++++ EXTRACTED ENTRIES

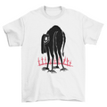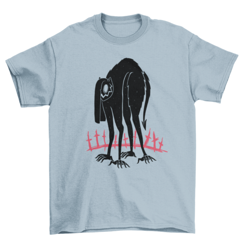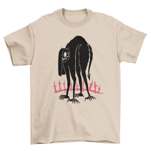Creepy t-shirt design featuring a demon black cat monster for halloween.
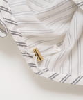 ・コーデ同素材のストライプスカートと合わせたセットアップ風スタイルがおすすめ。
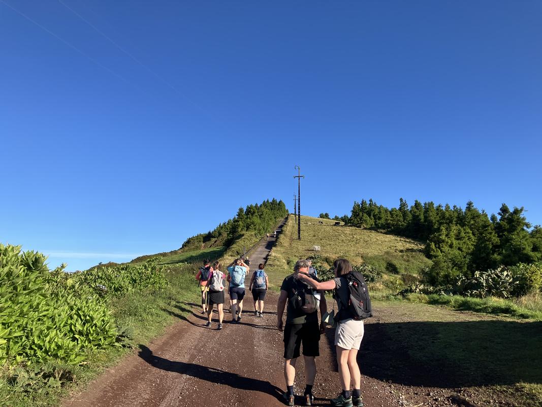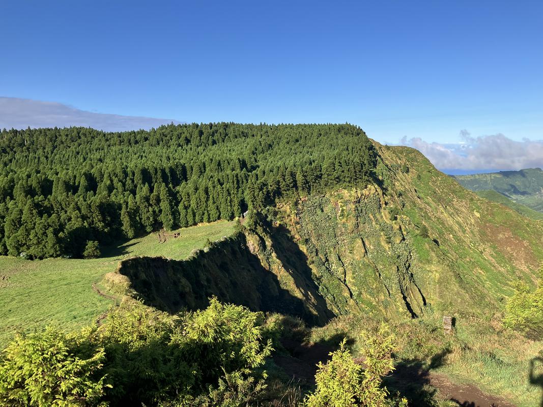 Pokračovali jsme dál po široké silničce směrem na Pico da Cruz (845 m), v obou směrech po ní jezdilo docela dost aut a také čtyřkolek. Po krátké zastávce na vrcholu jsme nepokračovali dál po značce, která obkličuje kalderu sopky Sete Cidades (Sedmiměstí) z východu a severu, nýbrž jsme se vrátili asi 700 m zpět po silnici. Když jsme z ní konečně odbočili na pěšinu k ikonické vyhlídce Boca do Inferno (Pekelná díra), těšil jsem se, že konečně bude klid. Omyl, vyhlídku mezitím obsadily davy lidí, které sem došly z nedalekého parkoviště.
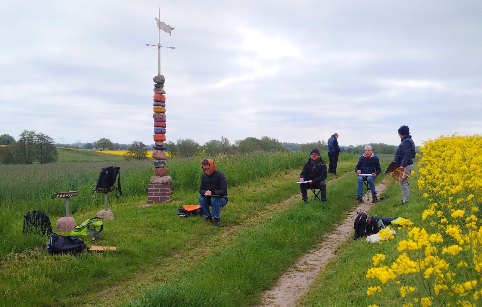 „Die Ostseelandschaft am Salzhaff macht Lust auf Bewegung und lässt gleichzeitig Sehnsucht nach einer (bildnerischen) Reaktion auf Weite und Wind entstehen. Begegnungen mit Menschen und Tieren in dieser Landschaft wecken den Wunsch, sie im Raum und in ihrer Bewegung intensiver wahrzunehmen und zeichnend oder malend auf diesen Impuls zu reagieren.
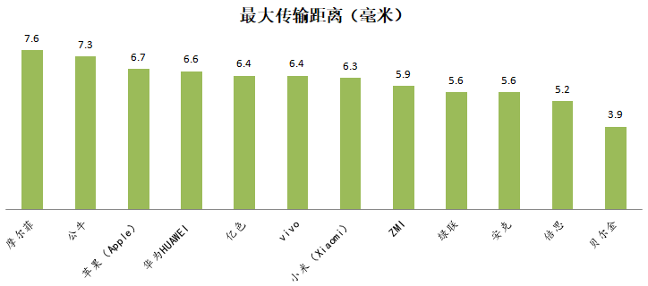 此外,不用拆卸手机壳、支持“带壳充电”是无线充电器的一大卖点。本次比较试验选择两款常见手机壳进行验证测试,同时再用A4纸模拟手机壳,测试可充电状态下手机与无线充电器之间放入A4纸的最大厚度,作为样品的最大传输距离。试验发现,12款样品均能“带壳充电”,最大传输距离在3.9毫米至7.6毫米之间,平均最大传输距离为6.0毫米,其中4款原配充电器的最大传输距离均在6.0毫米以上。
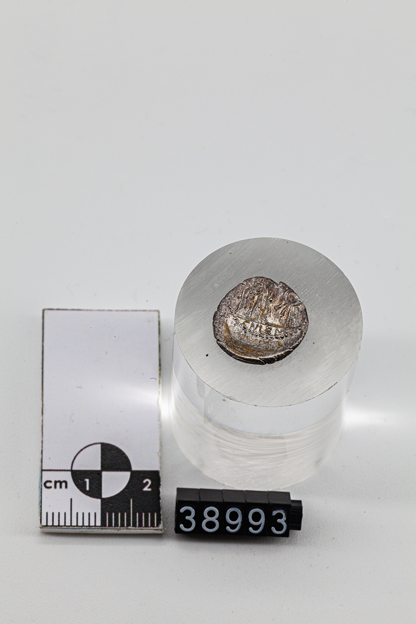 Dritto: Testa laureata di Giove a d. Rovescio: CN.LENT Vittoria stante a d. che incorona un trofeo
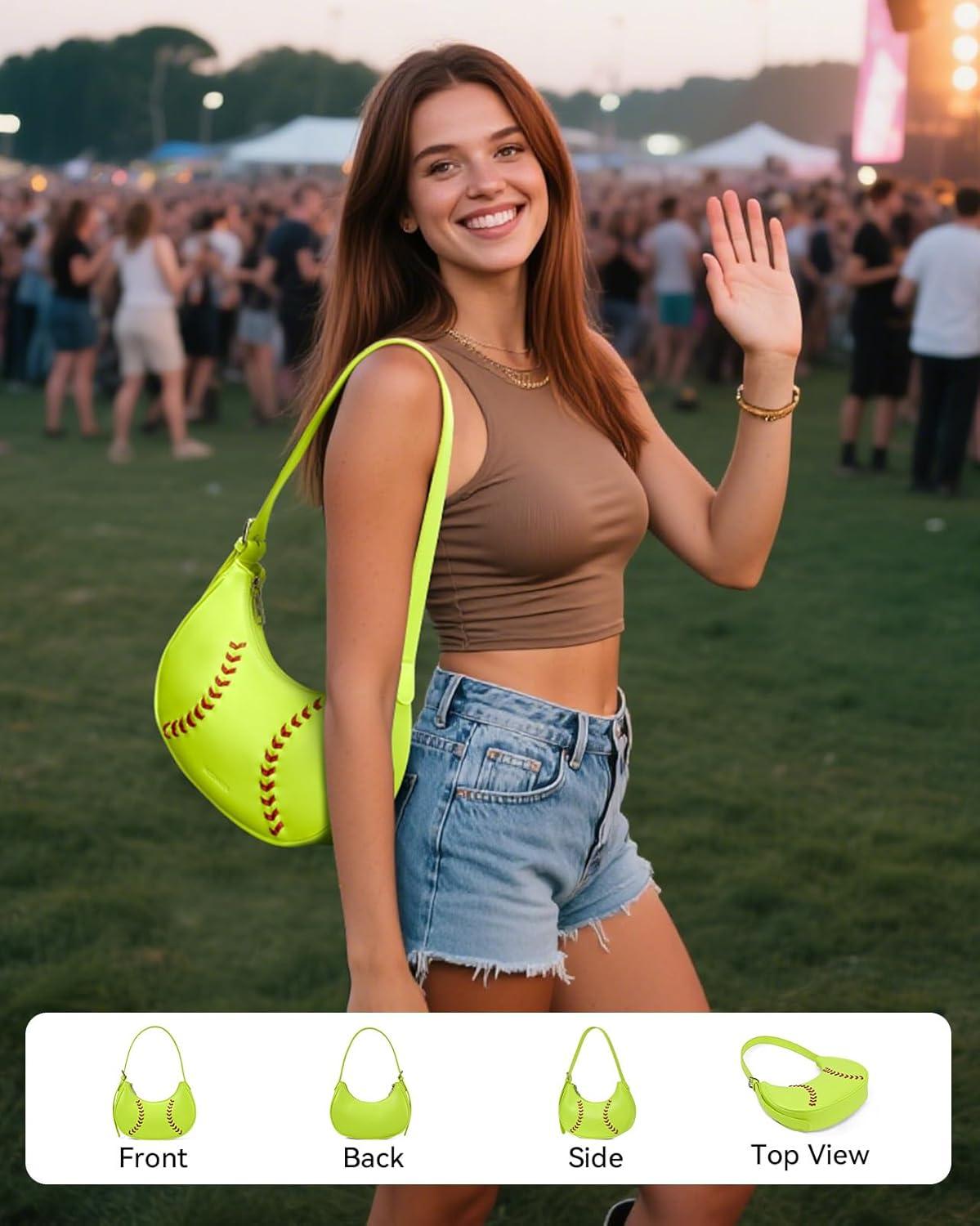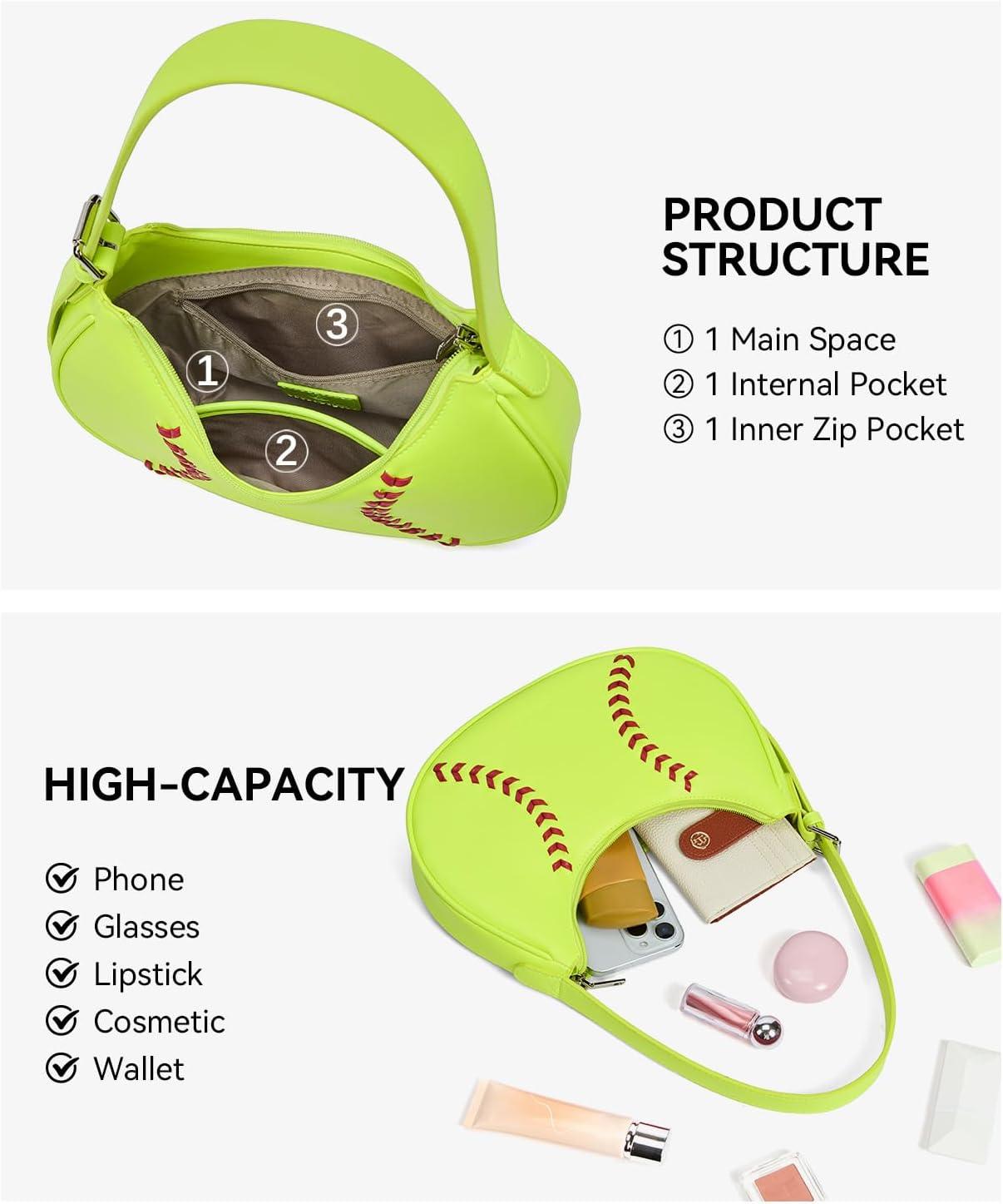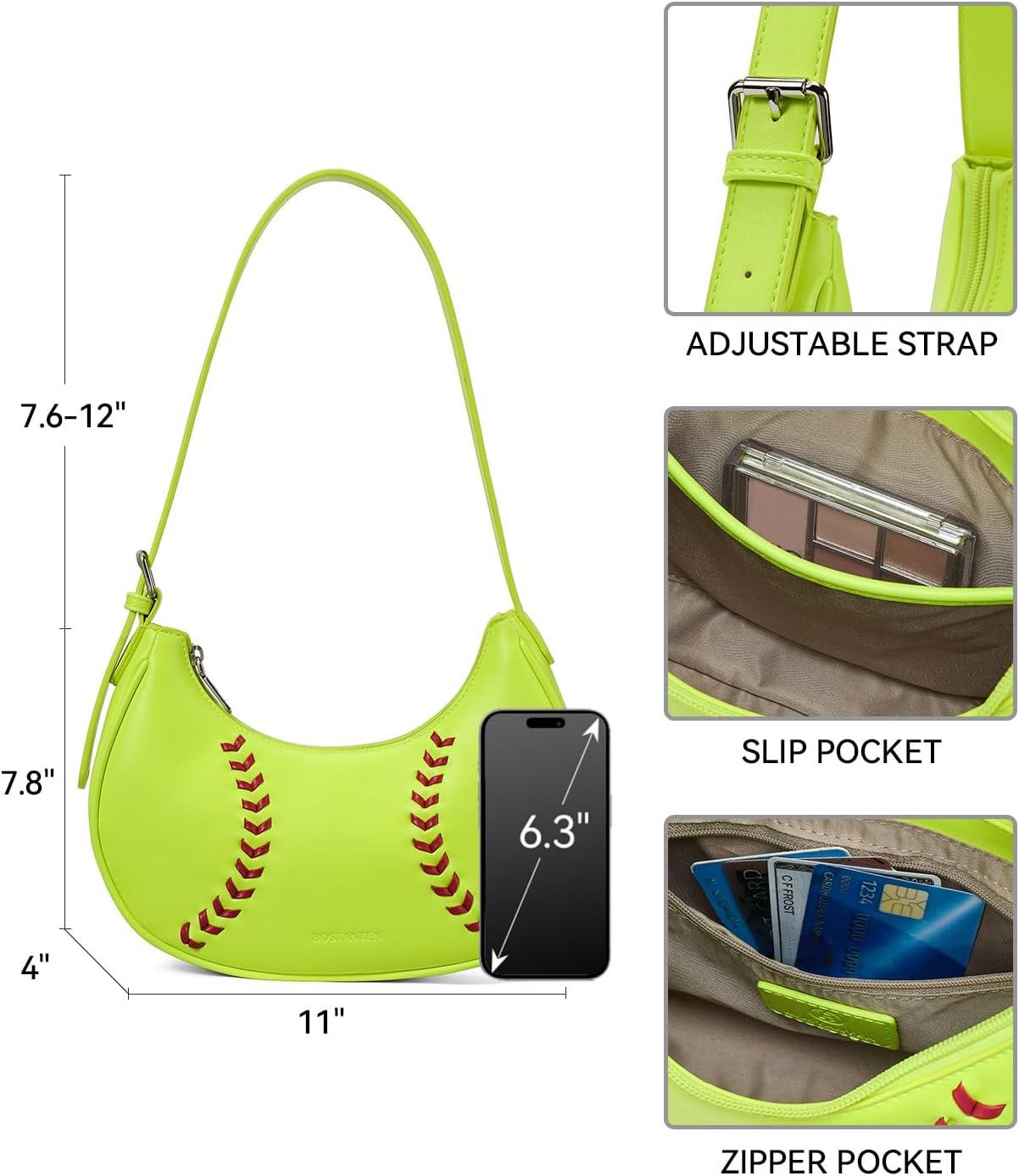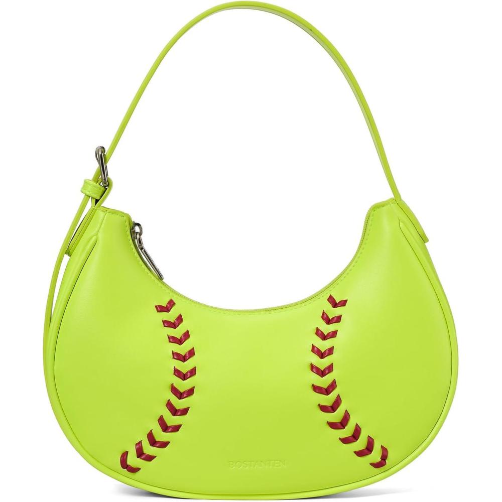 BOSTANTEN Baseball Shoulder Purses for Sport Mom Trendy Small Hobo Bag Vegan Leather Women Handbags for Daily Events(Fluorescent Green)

++++++++
++++ EXTRACTED ENTRIES

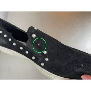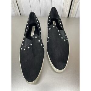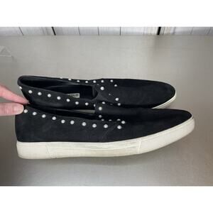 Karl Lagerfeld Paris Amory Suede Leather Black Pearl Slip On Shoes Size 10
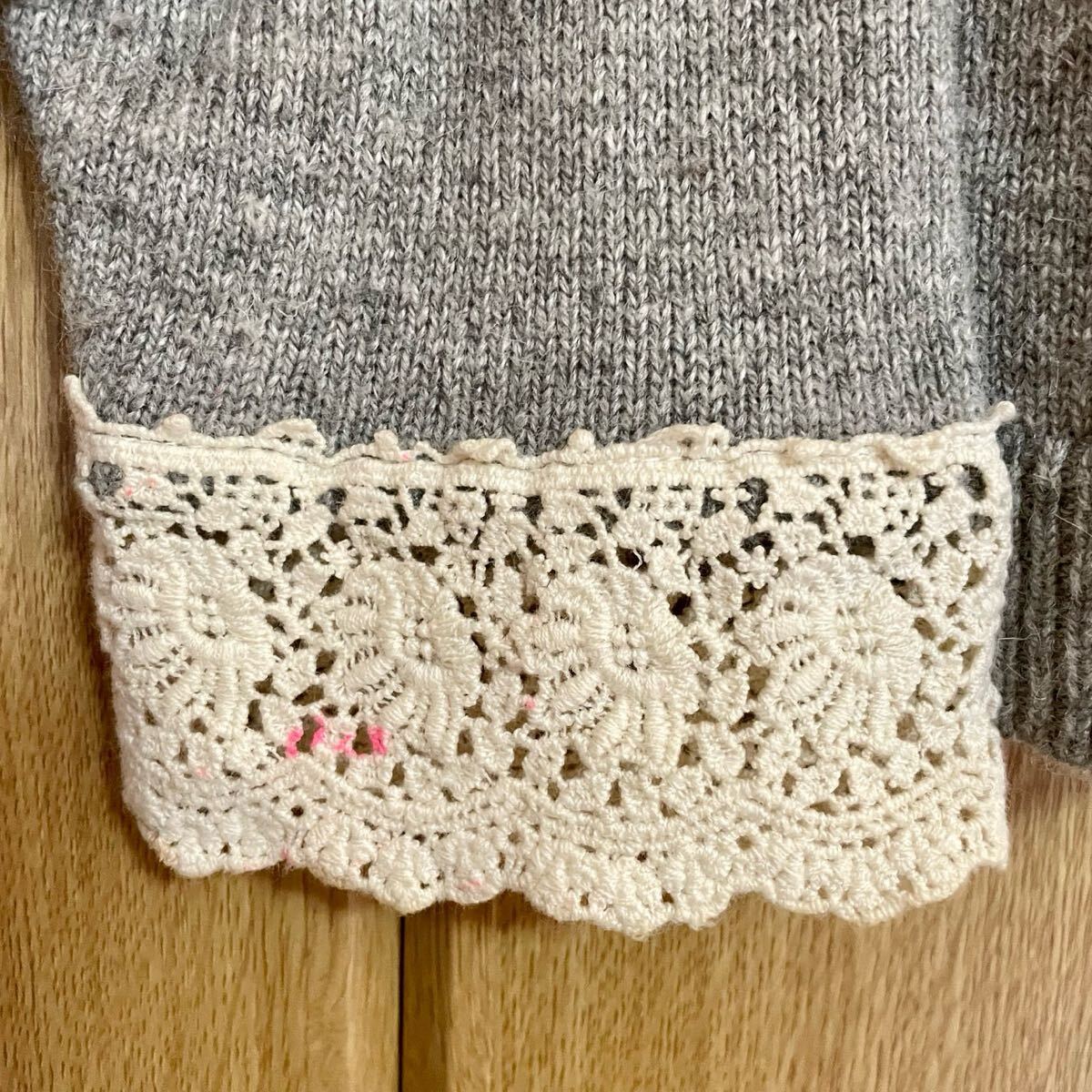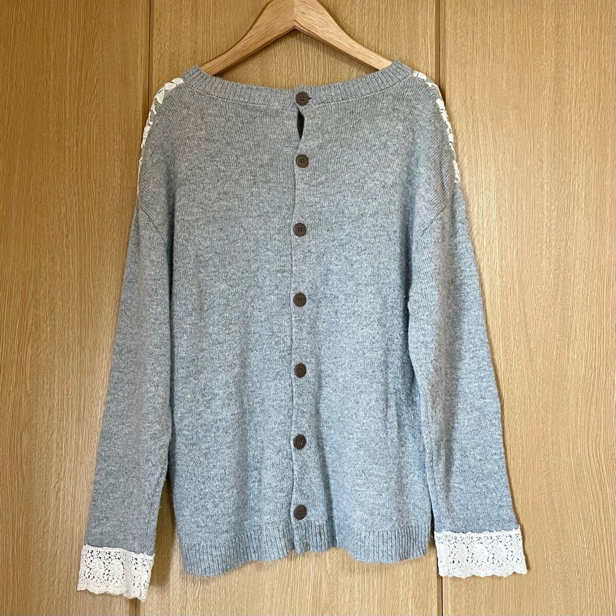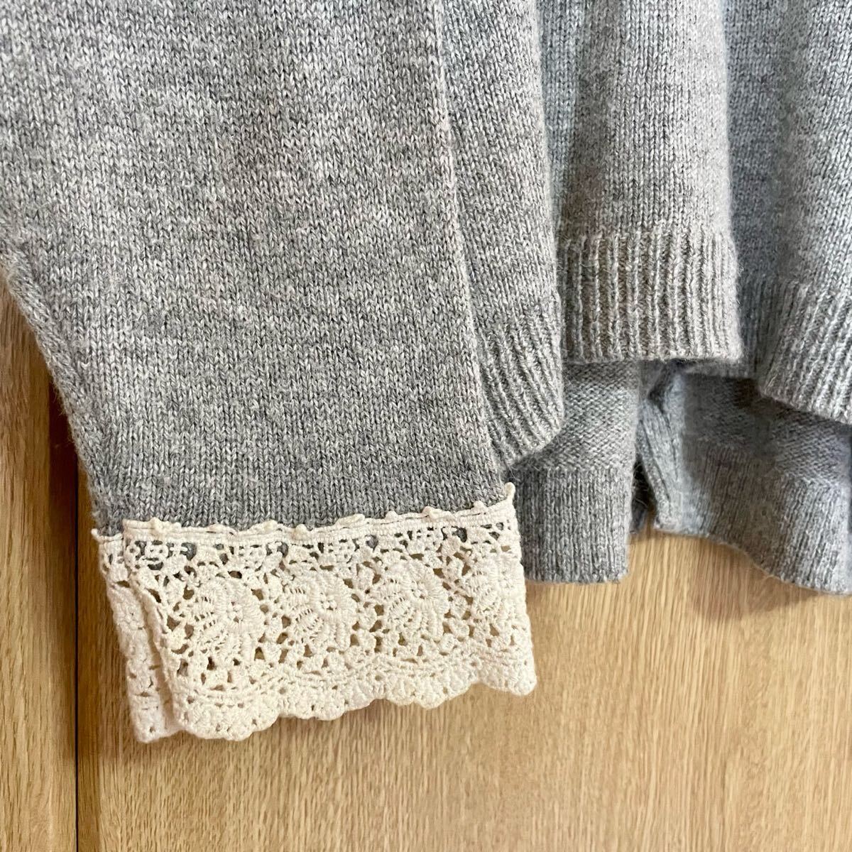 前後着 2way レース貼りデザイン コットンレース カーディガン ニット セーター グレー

++++++++

Take the entries above and copy exactly the lines starting at the one with "Impuls zu reagieren." and ending at the one with "BOSTANTEN Baseball Shoulder"; nothing outside that span, and no pictures.

TASK ANSWER:
 „Die Ostseelandschaft am Salzhaff macht Lust auf Bewegung und lässt gleichzeitig Sehnsucht nach einer (bildnerischen) Reaktion auf Weite und Wind entstehen. Begegnungen mit Menschen und Tieren in dieser Landschaft wecken den Wunsch, sie im Raum und in ihrer Bewegung intensiver wahrzunehmen und zeichnend oder malend auf diesen Impuls zu reagieren.
 此外,不用拆卸手机壳、支持“带壳充电”是无线充电器的一大卖点。本次比较试验选择两款常见手机壳进行验证测试,同时再用A4纸模拟手机壳,测试可充电状态下手机与无线充电器之间放入A4纸的最大厚度,作为样品的最大传输距离。试验发现,12款样品均能“带壳充电”,最大传输距离在3.9毫米至7.6毫米之间,平均最大传输距离为6.0毫米,其中4款原配充电器的最大传输距离均在6.0毫米以上。
 Dritto: Testa laureata di Giove a d. Rovescio: CN.LENT Vittoria stante a d. che incorona un trofeo
 BOSTANTEN Baseball Shoulder Purses for Sport Mom Trendy Small Hobo Bag Vegan Leather Women Handbags for Daily Events(Fluorescent Green)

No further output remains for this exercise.